• Data extract
--- START ---

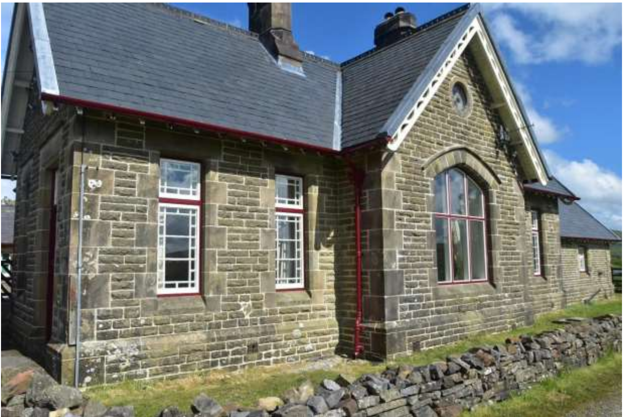
Showing completed redecorated windows (to bunk room)
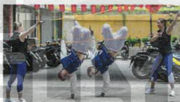
FLIGHT CREW Walt Disney Theatre 6:15 pm & 8:30 pm

DISNEY CASTAWAY CAY All Ashore: 8:30 am All Aboard: 4:45 pm Attire: Pirate or Cruise Casual
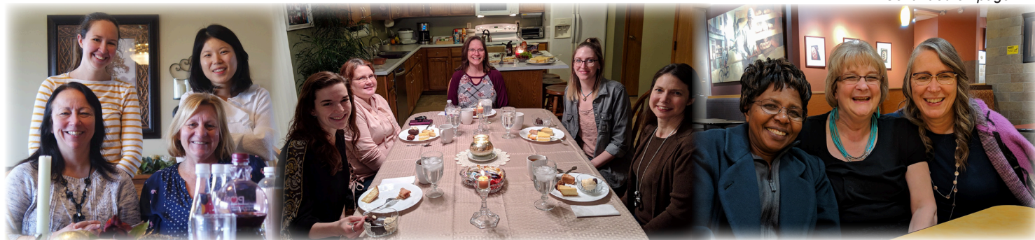
Pictured above are ladies participating in various recent LIFE groups. The L-ove, I-nspiration, F-ellowship and E-ncouragement often take place around great food. You never know what you will learn! The three ladies pictured on the far right discovered that they were all born the same year.

--- END ---

• What is being asked
Exactly as written, return every line of the listing, but not the pictures.

• Answer to this task
Showing completed redecorated windows (to bunk room)
FLIGHT CREW Walt Disney Theatre 6:15 pm & 8:30 pm

DISNEY CASTAWAY CAY All Ashore: 8:30 am All Aboard: 4:45 pm Attire: Pirate or Cruise Casual
Pictured above are ladies participating in various recent LIFE groups. The L-ove, I-nspiration, F-ellowship and E-ncouragement often take place around great food. You never know what you will learn! The three ladies pictured on the far right discovered that they were all born the same year.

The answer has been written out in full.